Source file reference:

Node	File
Frontend entry	`src/frontend/app.py`
Graph	`src/backend/agents/graph.py`
Input / OCR / ASR	`src/backend/agents/nodes/input.py`
Guardrail	`src/backend/agents/nodes/guardrail.py`
Parser	`src/backend/agents/nodes/parser.py`
Intent Router	`src/backend/agents/nodes/router.py`
Solver	`src/backend/agents/nodes/solver.py`
Verifier	`src/backend/agents/nodes/verifier.py`
Safety	`src/backend/agents/nodes/safety.py`
Explainer	`src/backend/agents/nodes/explainer.py`
Direct Response	`src/backend/agents/nodes/direct_response.py`
HITL	`src/backend/agents/nodes/hitl.py`
Memory Manager	`src/backend/agents/nodes/memory/memory_manager.py`

Agent Pipeline

The graph has 14 nodes. Here is what each one does and what it writes to state.

1. `detect_input`

Classifies the incoming input as text, image, or audio. Resets all per-problem state fields (solve_iterations, hitl flags, messages, etc.) so a new question always starts clean. Routes to OCR/ASR nodes or directly to the guardrail.

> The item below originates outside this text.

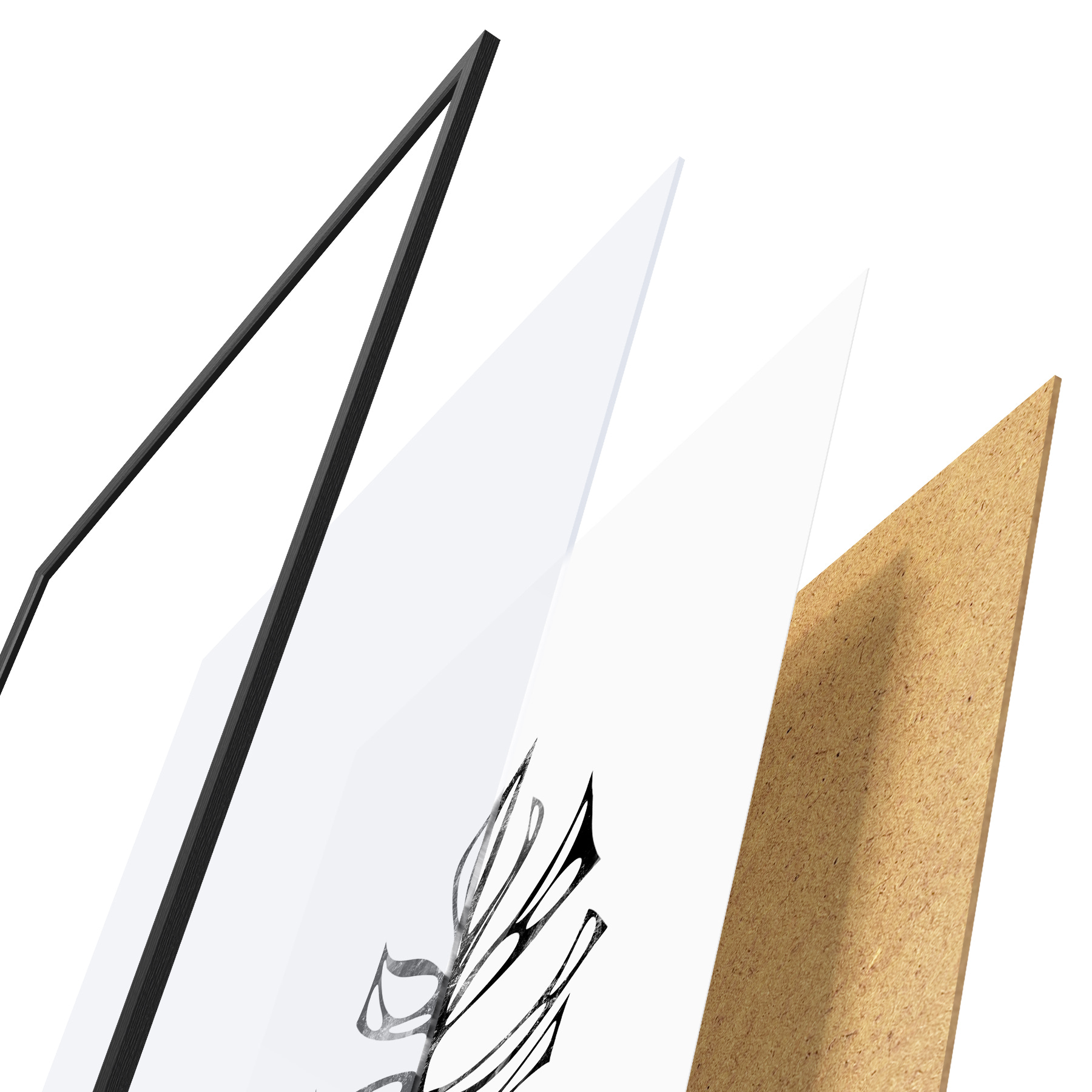 Le poster se compose d'un cadre, d'un plexiglas, d'une image imprimée et d'un support en aggloméré. Le poster peut être immédiatement accroché au mur grâce aux fixations au dos.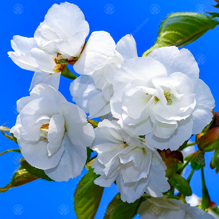 Very striking flowering Cherry tree that offers a fabulous display of large, double white flowers in April and May. The clusters of flowers are smothered on the branches, drooping downwards against a backdrop of dark green leaves. This picture-perfect tree is a must-have for your garden! In autumn the leaves turn to a vibrant crimson, orange and yellow hues before falling. It has a attractive chestnut bark that becomes silvery with age.

2. `ocr_node` / `asr_node`

OCR uses Google Cloud Vision API. ASR uses Groq Whisper (whisper-large-v3). Both produce a confidence score. If confidence falls below 0.5 or the extracted text is empty, a bad_input HITL is triggered.

3. `guardrail_agent`

Two-stage input safety check:

Stage 1 (rule-based): Pattern matches for prompt injection, extraction attempts, and PII (email, phone, Aadhaar). Zero LLM cost.
Stage 2 (LLM): LLaMA 3.3 70B checks topic relevance against topic_policy.yaml. Passes anything where mathematics is even loosely the subject. When in doubt, passes — false positives are far more costly than false negatives.

4. `parser_agent`

Cleans OCR/ASR noise, normalises math notation (fractions, exponents, Greek letters, integrals), extracts variables and constraints. Sets needs_clarification=True only when the problem is genuinely unsolvable without more information — not for hard or unusual problems. Routes to HITL if clarification is needed, otherwise to retrieve_ltm.

5. `retrieve_ltm`

Runs before the intent router so the solver always has student context available. Three independent lookups:

Episodic: Cohere vector search over past solved problems for this student, filtered by student_id tag in the HNSW index
Semantic: Reads weak_topics, strong_topics, mistake_patterns from the student's semantic profile
Procedural: Finds the highest-success-rate strategy for the current topic

Writes ltm_context to state. Populates the activity panel with a full breakdown.

6. `intent_router`

Classifies the student's intent into one of six categories and picks a solving strategy. Routes solve/hint/formula_lookup to the solver pipeline and explain/research/generate to the direct response agent. Also sets topic, difficulty, and solver_strategy in solution_plan.

7. `solver_agent` (ReAct loop)

The most complex node. Two separate LLM calls when a PDF is uploaded:

Call 1: Forces rag_tool as the first action via tool_choice — the LLM must retrieve relevant passages from the student's notes before writing anything
Call 2: Receives RAG context as a plain HumanMessage (not a tool message) to avoid Groq's tool validation, then writes the full solution using [calc, web] only

On retry iterations, RAG is skipped and verifier feedback is injected. The system prompt is personalised with LTM context (best strategy, weak areas, known mistakes, similar past problems). Uses a second Groq API key to avoid rate limiting the other agents.

8. `tool_node`

LangGraph's built-in ToolNode executing calculator and web search tool calls from the solver's ReAct loop. RAG is handled inline in solver_agent itself (not through this node) to avoid tool validation issues with Groq.

9. `verifier_agent`

Checks the solution on three criteria: step-by-step algebraic correctness (citing specific step numbers for errors), units and domain validity, and edge cases (division by zero, undefined log/sqrt, empty set). Routes to safety (correct), retry (incorrect, up to 3 attempts), or HITL (needs human expert).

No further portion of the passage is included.